I just told you what I saw.

I did bring back two guys with me, one Russian and one Ukranian; they lived with me for a year or so. Driving around one day they discovered junkyards, which they hadn't seen before and amazed them. They started buying old cars, fixing them up in my garage, and selling them. Pretty soon the state made them get a dealers' license, which they were happy to do.

Sergei didn't like our culture, and never learned much English, so he went home and started what is now a fairly huge automatic transmission repair business, specializing in expensive foreign cars. Nick stayed and became an IT guy, and now has a house with a swimming pool in Sacramento.

John

Reply to
John Larkin

Jump off a chair onto the floor. I bet that pulls 3G pretty quick.

John

Reply to
John Larkin

I'm afraid I do. That's one reason I think the trend will continue. I figure half of time served ( or more ) in most corporations is spent on either overhead or economic signaling. Just pure process engineering can knock half the cost out of some stuff. I personally have done things that ended up costing about 10% of what the original estimate was.

There is a great deal of Mickey Mouse in the world. Over time, it goes away. Best Buy corporation went hard after telecommuting just to get rid of pack mentality and achieved very good results.

"The sole cause of man's unhappiness is that he does not know how to stay quietly in his room." - Blaise Pascal.

-- Les Cargill

Reply to
Les Cargill

No. The problem with Communism is that price signaling is masked, which leads people to spend time and money on the wrong things.

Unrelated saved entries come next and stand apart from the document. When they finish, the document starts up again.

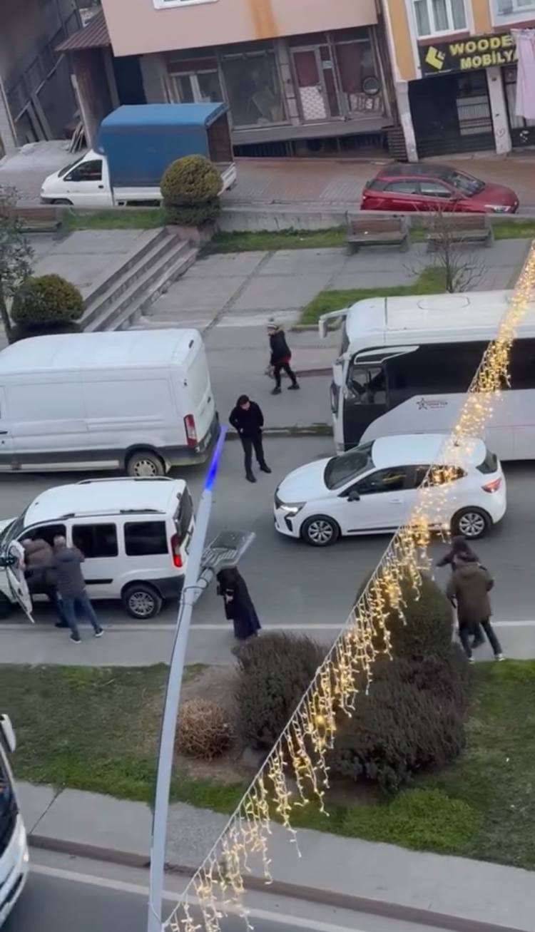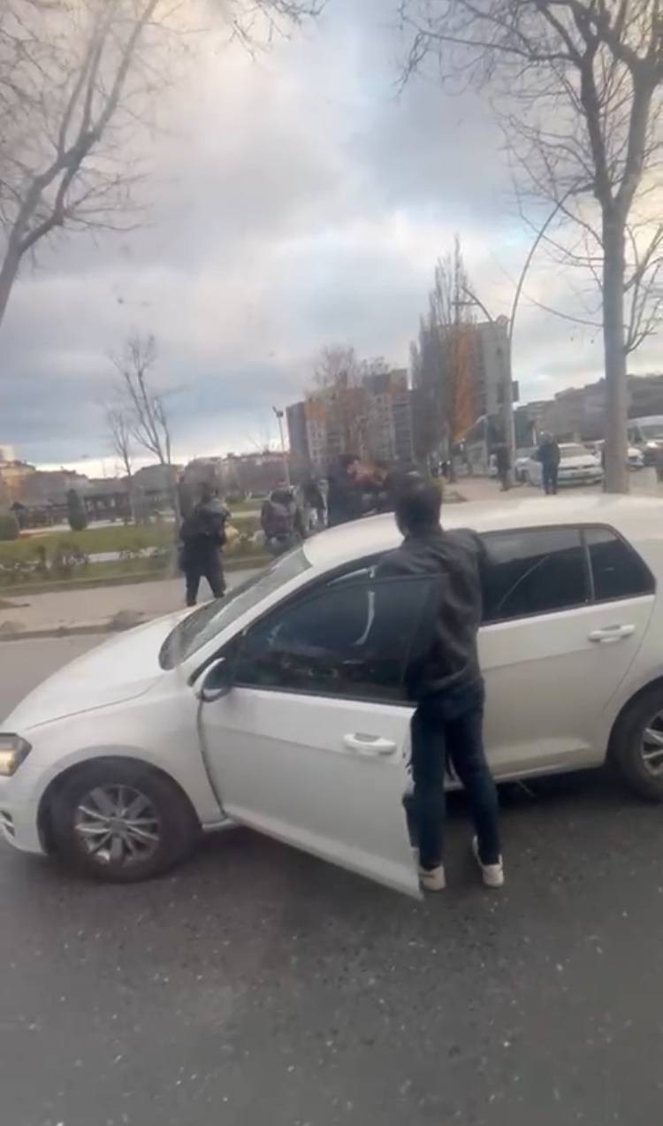 Çevredeki vatandaşların araya girmeye çalıştığı kavgada, taraflardan biri kemerini çıkararak diğer kişiye saldırdı. Diğer taraf ise karşısındakine yumrukla karşılık verdi. Araya giren çevredekiler tarafları ayırmaya çalışırken, araya giren bir kadının "Vurma" diye bağırdığı anlar cep telefonu kamerasına yansıdı. Uzun süre cadde ortasında devam eden kavgaya tepki gösteren diğer sürücüler ise korna çaldı.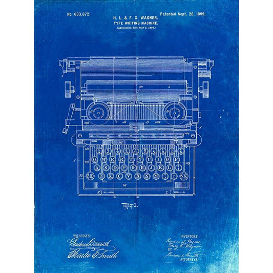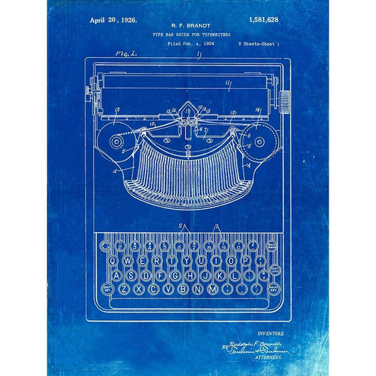 PP135- Faded Blueprint Dayton Portable Typewriter Patent Poster White Modern Wood Framed Art Print by Borders, Cole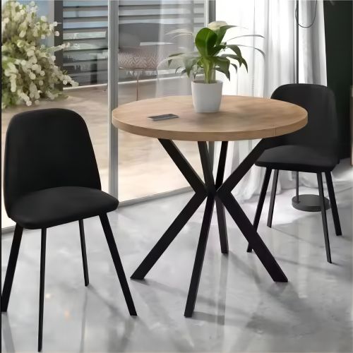 Hot Sale Dining Room Furniture Modern Design MDF Solid Wood Top Round Dining Table with Metal Legs DT-376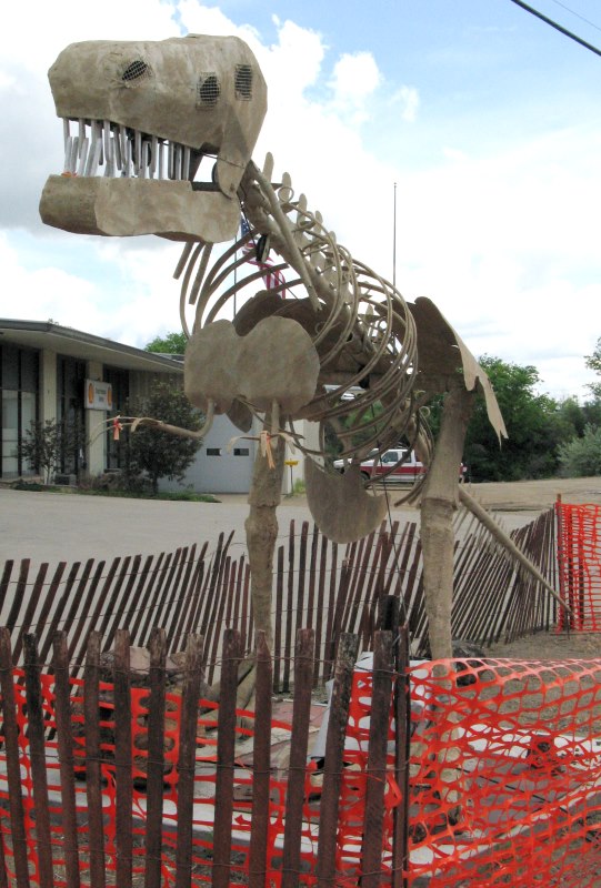 Glendive is home to Makoshika Dinosaur Museum, part of the Montana Dinosaur Trail (represented poorly on this map). But Glendive soon also will be home to Glendive Dinosaur & Fossil Museum. The latter intends to explain the dinosaurs from a creationist point of view (it's a trend), claiming that most popular natural history museums neglect " the scientific facts... that insist upon creation and absolutely demolish evolutionism’s nonsense." I don't know which museum this particular dinosaur represents, but since it's new I suspect it may be in conjunction with the creationist museum.

The phrase "put your money where your mouth is" says it all - people spend differently than they say. How they spend much more closely reflects actual preferences.

Gee, sounds like any of a number of American corporations, too. Ever seen a master manager kill a process improvement drive with carefully crafted infighting techniques? It's something else to see entirely.

But then a couple of clerks would be out of work. See where the fallacy lies here? Work is only a means to an end. Making a fetish of "jobs" leads to inefficiency. This creates economic rents that "players" can exploit, and just about explains every manmade disaster that ever happened.

-- Les Cargill

Reply to
Les Cargill

By "you" in this sentence, are you referring to: a) some generic person, a la "one"? b) yourself? c) me, specifically? d) something else?

Thanks, Rich

Reply to
Rich Grise

To the typical roob in the street, "infinity" is "the amount of electricity in the wall socket."

I didn't make this up, but I can't remember who first said it. Probably someone of the calibre of Feynman, or maybe Harlan Ellison. ;-)

Cheers! Rich

Reply to
Rich Grise

It must feel awfully good when it stops! ;-)

Cheers! Rich

Reply to
Rich Grise

I think it'd be more like the third derivative from that sudden stop at the bottom. ;-)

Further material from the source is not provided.